Rodents get big bucks while military employees suffer

In a bow to environmentalists, as the military furloughs 650,000 civilian employees, it’s spending millions to protect small animals, including burrowing rodents homeowners everywhere consider a pest.

Joint Base Lewis-McChord, near Tacoma, Wash., is purchasing land surrounding the base, using funds from a $3.5 million grant to protect the Mazama pocket gopher, according to Fox News.

caddyshack-gopher-bill-murray
Gophers: While the rest of the world wants to eradicate them, the government gives them new digs.
In case you’re wondering, the Mazama pocket gopher is not an endangered species. It’s just a common rodent. In fact, Bill Murray spent 98 minutes trying to destroy the invasive critters in the 1980 comedy “Caddyshack.”

“That really makes me mad that they would do that,” said Matt Hines, one of the military’s furloughed civilian employees. “I’m all for saving animals, but at what cost?”

Hines is among about 10,000 civilian employees who will see a 20 percent cut in pay as part of the furlough.

The effort to save the rodent isn’t a creature of the Obama administration. It’s been going on for some time. Since 2003, the federal government has spent $397 million to protect 264,000 acres around bases as part of the Readiness and Environmental Protection Initiative.

The base’s commander, Col. Charles Hodges, declined to comment on the gopher spending, but expressed disappointment over the furlough.

“It’s frustrating after all the sacrifices these folks have made that we’re asking them to sacrifice more,” he told Fox News.

Area property owners are up in arms over the government’s land grab and are starting to organize. According to Fox:

Glen Morgan, of the Freedom Foundation based in Olympia, Wash., has represented landowners who have been fighting what he calls the government takeover of private land. He said the Mazama pocket gopher is not distinct from gophers that are thriving throughout the Midwest and indeed survive remarkably well even on the JBLM artillery ranges.

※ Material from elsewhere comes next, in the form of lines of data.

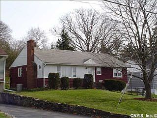 Bright 3 bedroom 1.5 bath ranch home with hardwood floors thoughout, a wood burning fireplace, a partially finished lower level, central air and a one car garage. It is located conveniently to bus lines and shopping areas. A little updating and this will be a sweet house. Very private back yard.
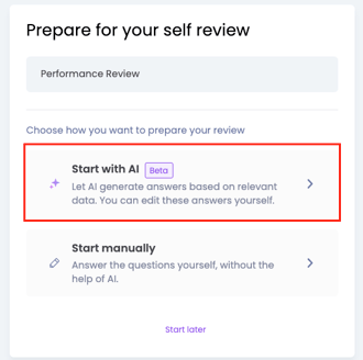 Wanneer jullie organisatie de AI instellingen hebben geactiveerd om de evaluaties voor te kunnen bereiden met behulp van AI, krijg je op het moment dat je jouw voorbereiding wilt starten de keuze:
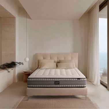 - Núcleo de muelles ensacados tecnología SpringSac para el colchón SpringSac: permite una respuesta precisa y silenciosa a cada movimiento, proporcionando independencia de lechos, ventilación constante y reparto uniforme del peso que previene el hundimiento con el uso. La tecnología SpringSac distribuye 725 muelles en colchón de 150x190. Su altura es de 17 cm.
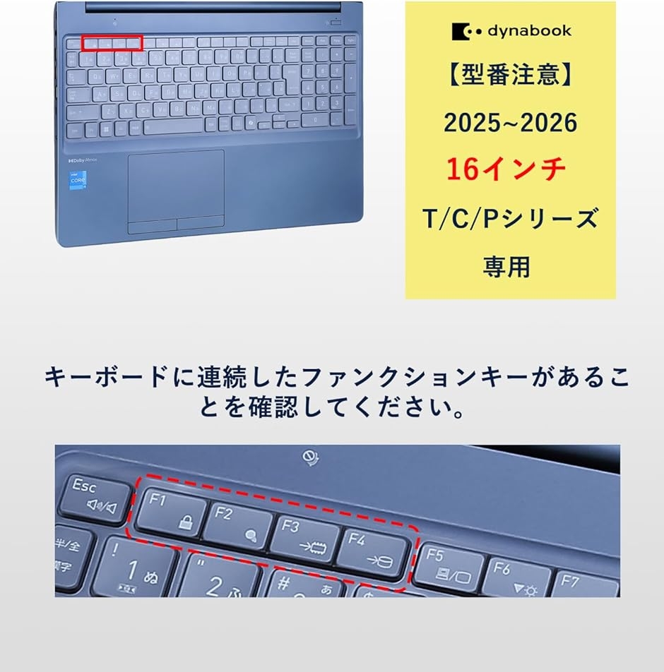 | 商品名 | 2025〜2026発売16 Dynabook キーボードカバー Tシリーズ T5/A T5/Y T6/A T6/Y T7/A T7/Y T9/A T9/Y AZ/MA AZ/MY AZ/LA AZ/LY Cシリーズ C5/A C5/Z C6/A C6/Y C7/A C7/Y CZ/MA CZ/MY PZ/MA PZ/MY Pシリーズ P56/LA P56/LY 用 保護 フィルム 高い透明感 |
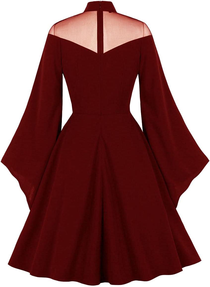 Over time you notice it slip into the quieter corners of your mornings, the dress arriving with less deliberation and more ease in regular routines. The Wellwits Women’s Mesh Bell Sleeves Halloween Gothic Vintage Dress Wine M softens where it meets the body, and comfort shifts subtly as it’s worn—sometimes warming, sometimes draping coolly in daily wear.The fabric ages in small, honest ways, a little give here, a softened edge there, so the piece feels like part of the furniture of dressing rather than an interrogation of choice. in regular routines it settles into your rotation.
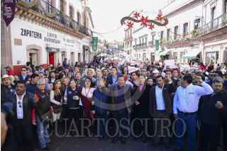 ZACATECAS, ZACATECAS, 06ENERO2016.- La mañana de lunes, el senador David Moreal Ávila, junto a simpatizantes marchó por las principales calles de la ciudad como forma de apoyo a su candidatura a la gubernatura del estado por el partido Morena. FOTO: EDGAR CHÁVEZ /CUARTOSCURO.COM
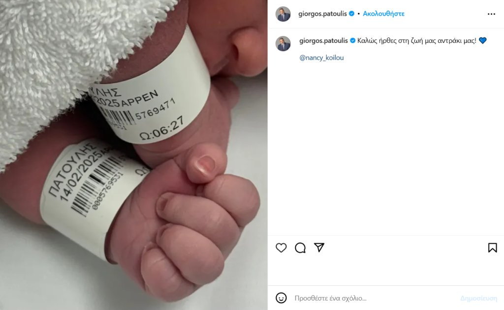 Μάλιστα, το ευχάριστο γεγονός έκανε γνωστό ο Γιώργος Πατούλης με μια ανάρτηση στον προσωπικό του λογαριασμό στο instagram, καθώς κοινοποίησε μια φωτογραφία του νεογέννητου γιου του και έγραψε στη λεζάντα της ανάρτησής του: «Καλώς ήρθες στη ζωή μας αντράκι μας!».
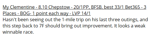 again! Friday night followers were BOUNCING again as My Clementine banged in a lovely 20/1- 25 point profit to push Hanbury racing to +99 for the month and +260 points profit or a HUGE £2,600 to £10 stakes!Â

“It shows our government is out of control and our priorities are completely out of whack,” Morgan said. “And they’re skewed in a strange way that has no benefit for people who live here or even the animals they claim they’re trying to protect.”

The total impact on the Hines family — his wife and son are also government civilian employees — will mean a $1,300-per-month loss in income.

“I think when this is all said and done, some people are going to lose their houses,” Hines said. “They’re going to be in financial ruin, and I just don’t think the government really, really understands that.”

The program isn’t unique to Washington. On the opposite corner of the United States, Florida’s Elgin Air Force Base received $1.75 million to protect tortoise habitat.